Kurz nachdem sie sich im April mit anderen Mitgliedern der 36. Marinebrigade der Ukraine ergeben hatten, wurden Herr Aslin und Herr Pinner im russischen Staatsfernsehen vorgeführt und baten die britische Regierung, sie mit Viktor Medvedchuk auszutauschen.

„Wenn Boris Johnson sich wirklich so um britische Bürger kümmert, wie er sagt, dann würde er helfen, Druck auszuüben [Ukrainian president Volodymyr] Zelensky, das Richtige zu tun und Viktor zu seiner Familie zurückzubringen und uns zu unseren Familien zurückzubringen“, sagte Herr Aslin einem russischen Fernsehreporter.

Er war damals mit Handschellen gefesselt, wirkte benommen und wiederholte russische Propagandazeilen über die Missbräuche der ukrainischen Regierung.

Putin ist Pate der Tochter von Herrn Medvedchuk, der die prominenteste pro-russische politische Koalition in der Ukraine anführte, bis er im Mai 2021 verhaftet und wegen Hochverrats angeklagt wurde.



Der Multimillionär konnte kurz nach der Invasion im Februar aus dem Hausarrest fliehen, wurde aber vom ukrainischen Geheimdienst schnell wieder festgenommen.

Am selben Tag, an dem das russische Staatsfernsehen die beiden Briten zur Schau stellte, veröffentlichte der ukrainische Geheimdienst ein Video von einem heruntergekommen aussehenden Herrn Medwedtschuk, der Putin anflehte, ihn gegen Soldaten und Zivilisten einzutauschen, die in Mariupol festgehalten werden.

Anfang dieses Monats kündigten die ukrainischen Behörden an, dass Herr Medvedchuk bald wegen Hochverrats vor Gericht erscheinen würde.

Ihm wurde vorgeworfen, nationale Ressourcen geplündert und im Auftrag Russlands das ukrainische Militär ausspioniert zu haben.

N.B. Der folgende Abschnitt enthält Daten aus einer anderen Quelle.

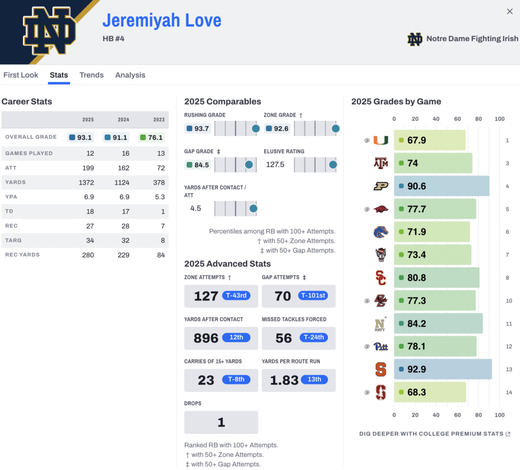 Cowboys fans who know the roster have already grabbed torches and pitchforks to revolt at the idea of this, but it isn’t out of the realm of possibilities. Love is a home-run threat out of the backfield, and his 726 breakaway rushing yards, 18 rushing touchdowns and 93.7 PFF rushing grade in 2025 all led the draft class.

„Er sammelte Informationen über die Einsatzorte der Militärformationen der Ukraine, führte Kampftrainingsveranstaltungen durch und half dabei, die Bürger der Ukraine für die Umsetzung von Maßnahmen zum Nachteil des Staates zur Destabilisierung der gesellschaftspolitischen Situation zu gewinnen“, sagte das Staatsbüro der Ukraine der Untersuchung.

Die Gebühren tragen eine mögliche 15-jährige Haftstrafe.

Hoffnungen auf einen möglichen Gefangenenaustausch wurden am Donnerstag durch die geringe Berichterstattung über den Fall von Herrn Aslin und Herrn Pinner in den staatlichen russischen Medien geweckt.

Das Urteil bot dem Kreml die Möglichkeit, seine Behauptung zu verdoppeln, dass ausländische Söldner in der Ukraine russischsprachige Menschen abschlachten.

Der Fall war jedoch weder die Top-Schlagzeile in der Sieben-Uhr-Nachrichtensendung von Rossiya One, noch wurde er prominent auf beliebten staatlich kontrollierten Websites behandelt.

Moskau stünde daher freier, die Männer stillschweigend auszutauschen.

Anfang dieser Woche diskutierten Experten offen darüber, die Briten als Druckmittel gegen die britische Regierung einzusetzen. Am Mittwoch sagte Vladimir Solovyov, ein Fernsehmoderator von Rossiya One, dass ein Todesurteil für Herrn Aslin und Herrn Pinner „ein sehr großes Problem für Boris Johnson“ wäre.

Diskussionsteilnehmer in seiner Show diskutierten die beste Art, die Männer zu exekutieren, sei es durch ein Erschießungskommando oder durch Erhängen.

Einer schlug vor, „diese Söldner gegen Russlands eingefrorene Vermögenswerte“ im Westen einzutauschen.

Unterdessen haben am Donnerstag Russlands restriktivste Persönlichkeiten Alarm über die Möglichkeit eines Gefangenenaustauschs geschlagen.

Igor Girkin, ein russischer Offizier im Ruhestand, der 2014 eine gemischte russische und separatistische Truppe in der Ostukraine anführte, sagte, er habe den Verdacht, dass der Kreml die Männer als „Geste des guten Willens“ freilassen könnte, während er „sie ohne Berufung erschossen hätte“. – in 24 Stunden“.